Now Jessica is about to marry Roger Henderson, a cattle rancher from the Valley of the Moon in Sonoma County, and Pogo has been invited to the wedding.

Pogo arrives, as charming as he ever was. He is delighted by Jessica, and captivates her in return. He makes peace with Katharine, and even wins over Toy, the Doughertys' prized cook, though not Jim and Roger.

But Pogo is still as irresponsible as before. He invites Jessica to come away with him and "see the world". He even tries to break up her engagement, to Katharine's dismay. He also seems to be coming between Jim and Katharine, who has never quite got over her love for him.

Despite Pogo's maneuvers, the wedding goes through. But Pogo has reserved two airline tickets: who's going with him? Jim, fearing that Pogo has won over Kathrine again, escorts Pogo to the airport with Katharine and her father.
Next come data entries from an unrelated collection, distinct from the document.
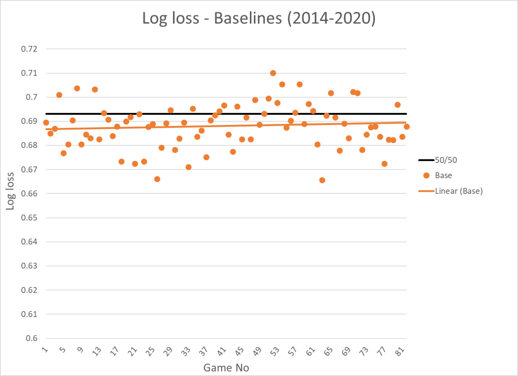 When we calculate the average log loss based on these win probabilities it comes out to 0.6881. This will be our second baseline. If we visualize the log loss as a function of game no, this is the result:
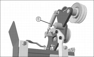 3. Graisser le graisseur (C) de l’axe de pivot du tendeur de courroie double interne.
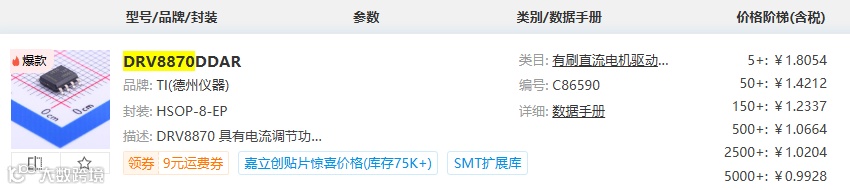 最后附上平台君在立创商城为大家查询到DRV8870芯片价格,单颗含税价格大约在2块钱的样子。
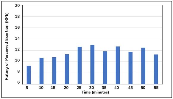 图5显示了整个BODYJAM测试中每个阶段末尾的平均RPE值。整个BODYJAM组的平均RPE为11.1±1.36,其中不包括热身和冷身,这个测试组的平均锻炼时间是11.5±1.91。
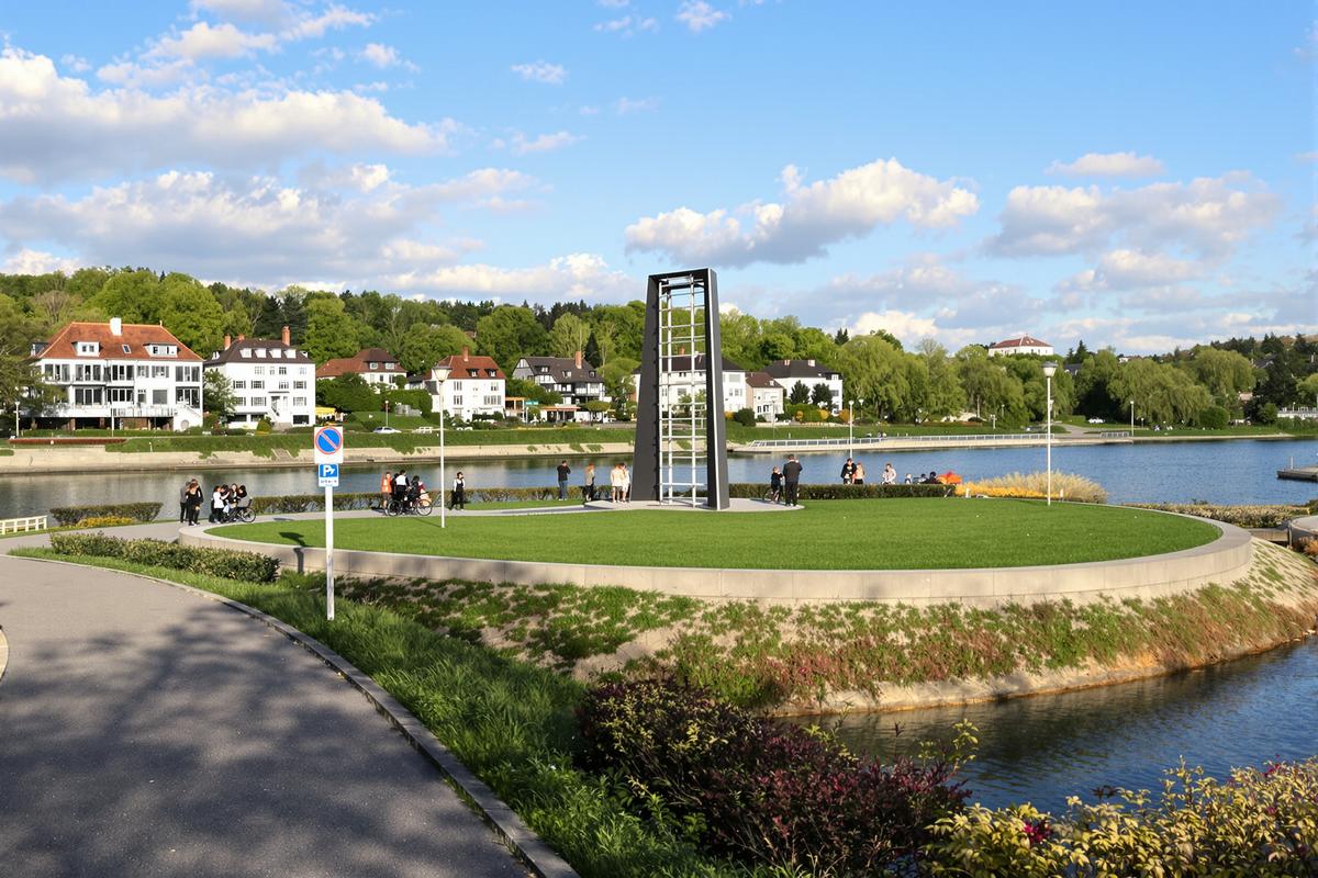 Ce lieu précis s’appelle un tripoint : un point où se rencontrent trois pays. À Bâle, il est symbolisé par un monument marquant l’intersection géographique entre la France, l’Allemagne et la Suisse.
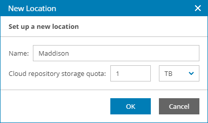 When you create a new location, the cloud repository storage quota of the Default location is decreased by the amount of the cloud repository storage quota set for the new location.
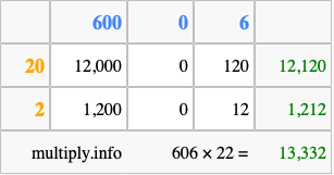 That's all there is to it! As you can see from the box above, the answer to 606 times 22 using the box method is 13,332.
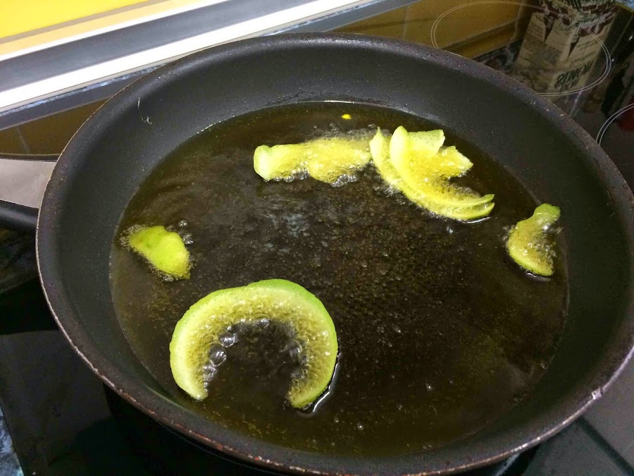 Cuando esté dorada la cáscara del limón la sacamos con una espumadera y apartamos la sartén del fuego.
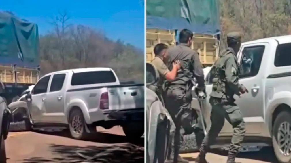 Testigos registraron en video el momento posterior al choque, donde se observa a varios gendarmes visiblemente enojados, golpeando las puertas de la camioneta para que el conductor saliera. “¡Hacelo bajar!”, gritaba uno de los efectivos mientras otros intentaban abrir a la fuerza la puerta delantera, que habría quedado trabada por el impacto. Incluso golpearon las ventanillas traseras en un intento por ingresar al vehículo.

Jim, stopping Katharine from buying cigarettes in the airport, fears she is leaving him to meet Pogo at the plane. Jim, Katharine, and her father standing in the waiting room to see Pogo off. Katharine is angered to see that Pogo has taken Jessica's portrait, To which Jim calms her down saying "Let him have it after all the poor guy is alone". Katharines father then points to someone with Pogo, Only for it to be revealed as Toy, much to Jims dismay. Pogo and Katharine share a heartfelt smile and gaze into each other's eyes. Pogo boards a plane – with Toy.

Cast
At the time this film was released, Fred Astaire had given up dancing on screen. He had recently completed a dramatic performance in On the Beach in 1959 and retired from dancing in films because he was getting old. He wouldn't do another Hollywood musical until Finian's Rainbow was released in 1968.  However, he did dance a little in this film during the party sequence, and even sang briefly as he teased Lilli Palmer.  Famed costume designer Edith Head, who designed dresses for the film, appeared early in the film, showing dresses to Debbie Reynolds.

 Fred Astaire as Biddeford "Pogo" Poole
 Debbie Reynolds as Jessica Anne Poole
 Lilli Palmer as Katharine "Kate" Dougherty
 Tab Hunter as Roger Berk Henderson
 Gary Merrill as James "Jim" Dougherty
 Charles Ruggles as Mackenzie Savage
 Harold Fong as Toy
 Elvia Allman as Mrs. Mooney

Original play
Film rights to the play were bought in February 1958 for $350,000 even before the play had been produced. It was bought by the production company of George Seaton and William Perlberg.

The play debuted on Broadway in October 1958. Brooks Atkinson of the New York Times called it "thoroughly delightful".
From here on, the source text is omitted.